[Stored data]
--- START ---

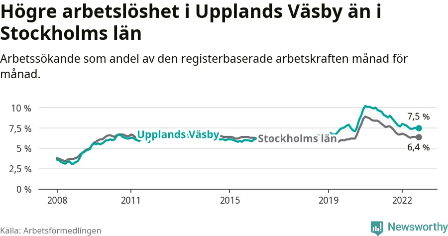 Även om arbetslösheten i Upplands Väsby alltså minskar, så ligger den fortfarande över snittet i hela Stockholms län (7,5 procent i kommunen, jämfört med 6,4 procent i hela länet). Ekerö har den lägsta arbetslösheten i länet (3,1 procent), medan Botkyrka har den högsta (11,3 procent). För att Upplands Väsby skulle komma ner i samma arbetslöshetsnivå som Ekerö skulle 1 059 personer behöva sysselsättas.
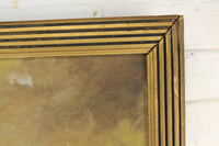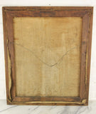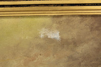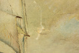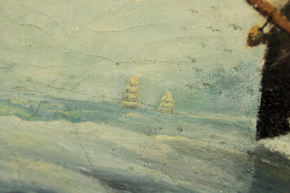 Here is a lovely antique oil on canvas painting in a wood frame. The scene depicts a large clipper ship in focus with two smaller clipper ships in the distance. A flock of seagulls flies behind the ship. The painting is signed in the lower right corner, but I cannot make out the signature. The painting is in fair condition with a couple of holes and tears in the canvas. It would still make a lovely wall hanger to decorate any home. The frame measures 24 x 28".
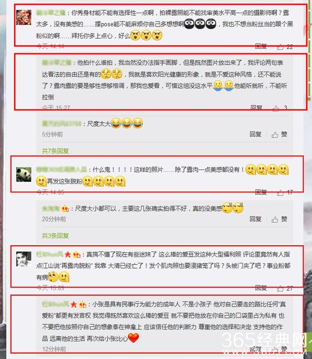 “ 你秀身材能不能有选择性一点啊,拍裸露照能不能找审美水平高一点的摄影师啊?露太多,没有美感的...... 摆pose能不能麻烦你自己多想想啊,我也不想当粉丝当的跟个黑粉似的啊...... 拜托你多上点心,好么”
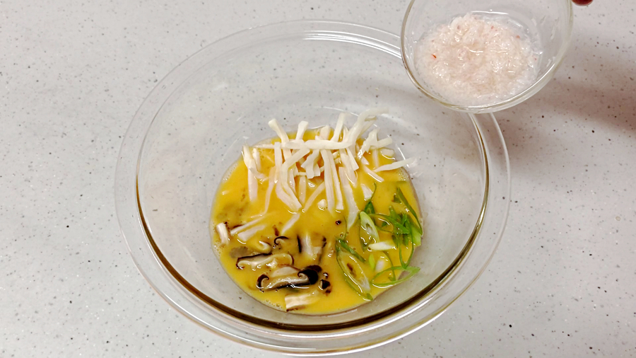 溶いた卵、シイタケ、タケノコ、ネギと小さめのカニ缶1/2とカニ汁も合わせます。
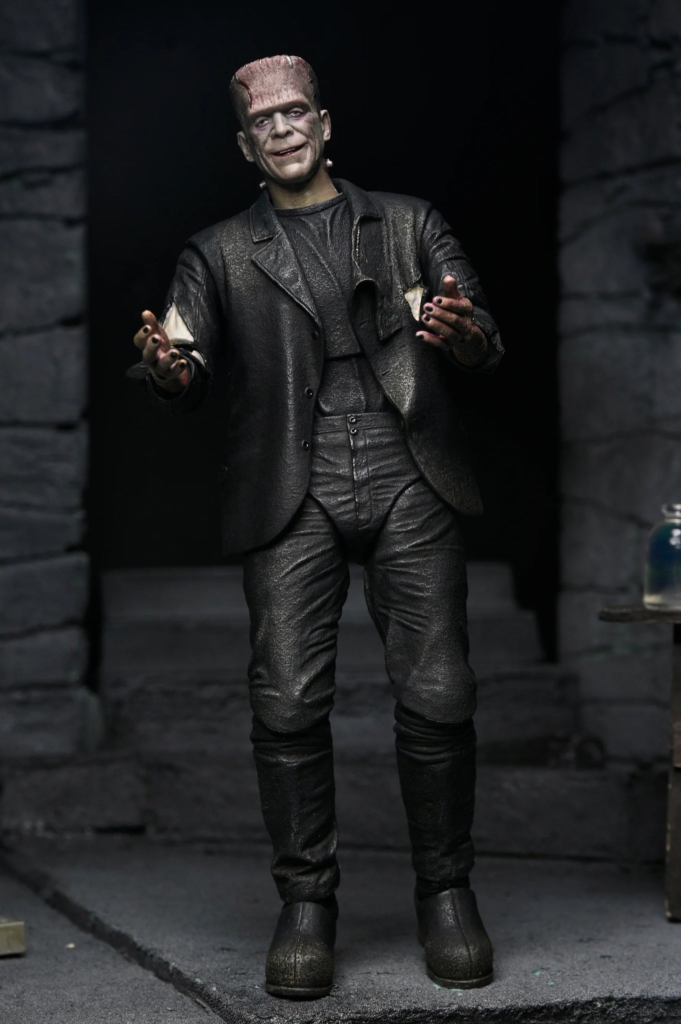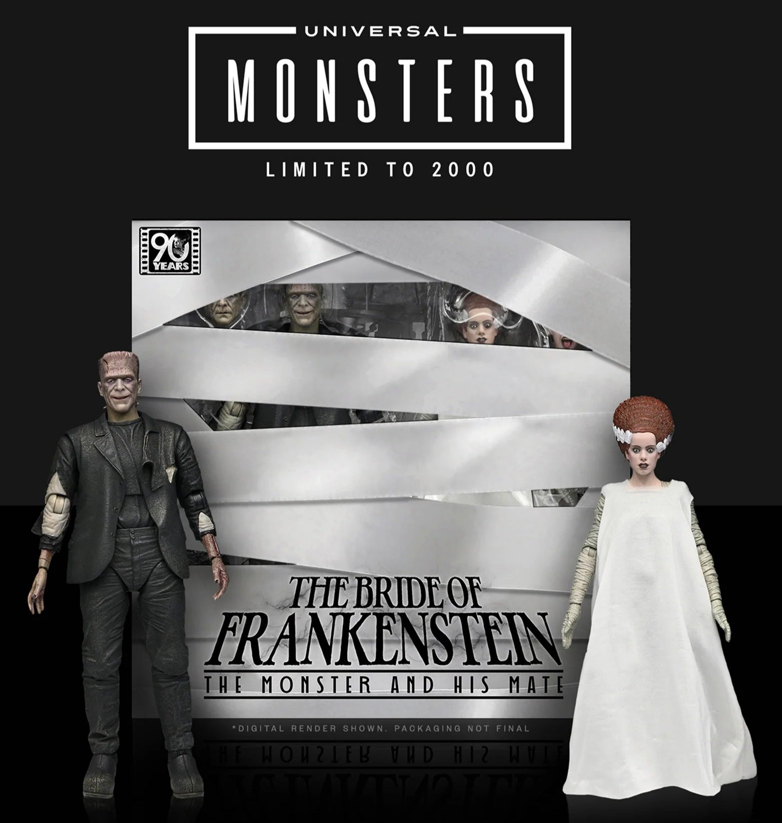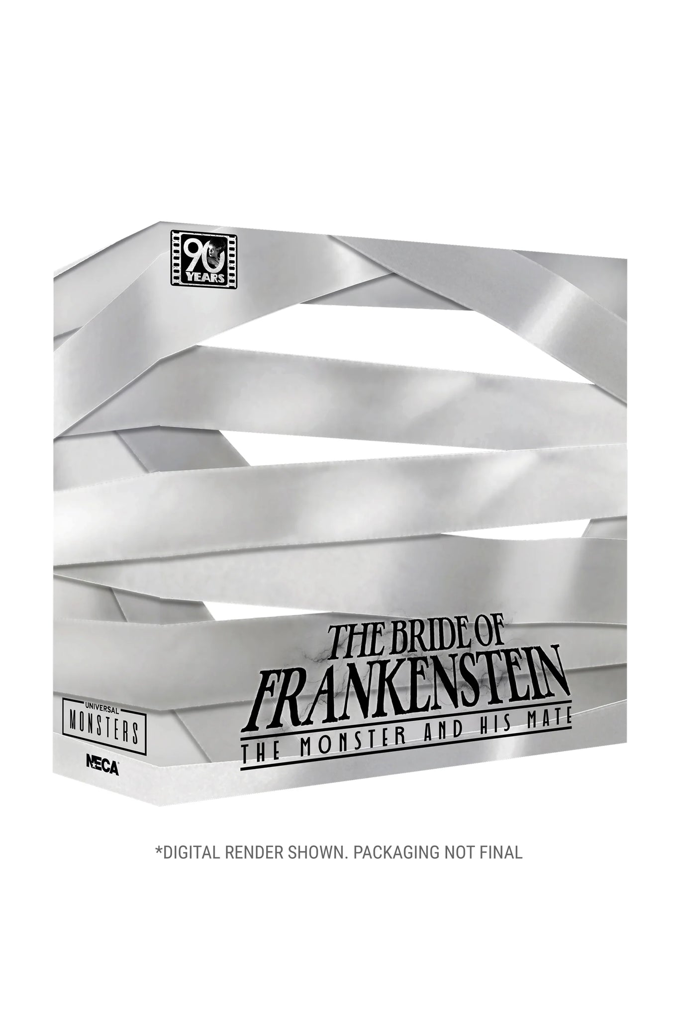 "We belong dead..." Celebrate 90 years of classic horror and doomed romance with this haunting tribute to the classic Universal Monsters film, The Bride of Frankenstein! NECA proudly presents The Monster and His Bride, a commemorative action figure 2-pack that brings Frankenstein’s Monster and his Bride together in one electrifying collector’s set. When the Monster meets his true love and finds that his feelings are unrequited, he flips the switch that implodes the castle—ending their tragic love story before it even begins. These screen-accurate, 7-inch scale figures include multiple interchangeable heads and hands, and a soft goods robe for the Bride. Bring home this infamous couple, together at last in limited-edition window box packaging with slipcover.

--- END ---

Work required — Look above for the line with "Here is a lovely" and the line with "溶いた卵、シイタケ、タケノコ、ネギと小さめのカニ缶1/2とカニ汁も合わせます。"; set down those two lines and all lines between them exactly, without pictures and without anything else.

Result of this exercise —
 Here is a lovely antique oil on canvas painting in a wood frame. The scene depicts a large clipper ship in focus with two smaller clipper ships in the distance. A flock of seagulls flies behind the ship. The painting is signed in the lower right corner, but I cannot make out the signature. The painting is in fair condition with a couple of holes and tears in the canvas. It would still make a lovely wall hanger to decorate any home. The frame measures 24 x 28".
 “ 你秀身材能不能有选择性一点啊,拍裸露照能不能找审美水平高一点的摄影师啊?露太多,没有美感的...... 摆pose能不能麻烦你自己多想想啊,我也不想当粉丝当的跟个黑粉似的啊...... 拜托你多上点心,好么”
 溶いた卵、シイタケ、タケノコ、ネギと小さめのカニ缶1/2とカニ汁も合わせます。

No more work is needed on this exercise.